Teachers are using I Search in many ways. After seventh graders get their feet wet by learning about the time in which they were born, they can use the tools they have learned with other topics. World cultures students, after reading Samurai’s Tale by Erik Christian Hauguard, have spent hours learning about the warriors and Japanese tea ceremonies. Even other content area classes are getting in on the research action by incorporating some or all of the steps in their projects.

Students are learning the value of library resources that are often overlooked. They are learning how to best use almanacs for research and are understanding the value of indices and tables of contents—and that books cannot be judged by their titles alone.
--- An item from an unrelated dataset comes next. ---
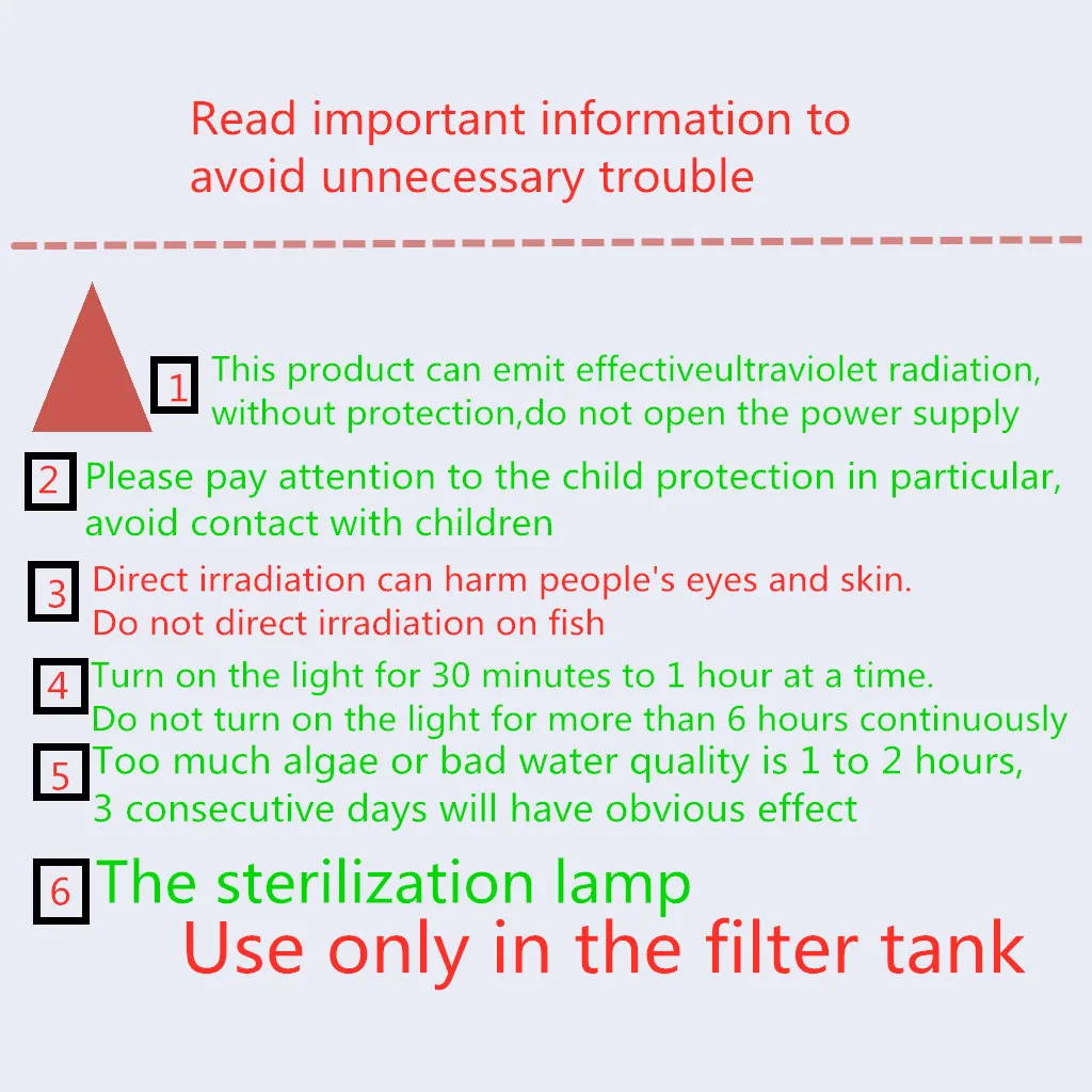 Примечание:1. Стерилизатор должен быть помещен в бак фильтра, не может положить его непосредственно в аквариум.2. Продукт предназначен для погружения.3. В процессе использования, пожалуйста, отключите источник питания и немедленно прекратите использование, если лампа входит в воду.4. Ультрафиолетовое излучение нанесет прямой вред коже и глазам человека, пожалуйста, не подвергайте воздействию.Рекомендации по использованию:Пожалуйста, выберите подходящая лампа в соответствии с размером вашего аквариума и фильтра.3-4 раза в неделю, не используйте его более 2 часов в день; Пожалуйста, в соответствии с реальной ситуацией.

And middle school youth are learning that organization goes hand-in-hand with good research. Students were given bright orange folders to contain their notes and drafts. Months and months later, you can see the folders peeking out of their bags and arms as they stream in and out of the library.

“It helped prepare us for future research projects,” commented Bonita Vista Middle seventh grader Misa Howell. The level of research expected of secondary school students increases incrementally each year, and every tool students can be given to do in-depth, accurate investigation will help them in the long run.

Learning hasn’t stopped with the students, though. Teachers and librarians are learning more effective ways of communicating with each other and everyone is learning just how important libraries are to the entire education process.

Bonita Vista Middle librarian Barbara Wymer is thrilled with progress of the students, teachers and the librarians. “Librarians were somewhat isolated before. This grant has impacted everyone involved—librarians, teachers and students—in amazing ways.”

Wymer is so impressed with the enthusiasm she has seen in the students that she is planning a parent event for the fall associated with the grant. But instead of a simple evening where parents see their children’s work and have punch and cookies, she intends to put them to work. Parents will learn how to research the day, month and year when they were born—and write about it.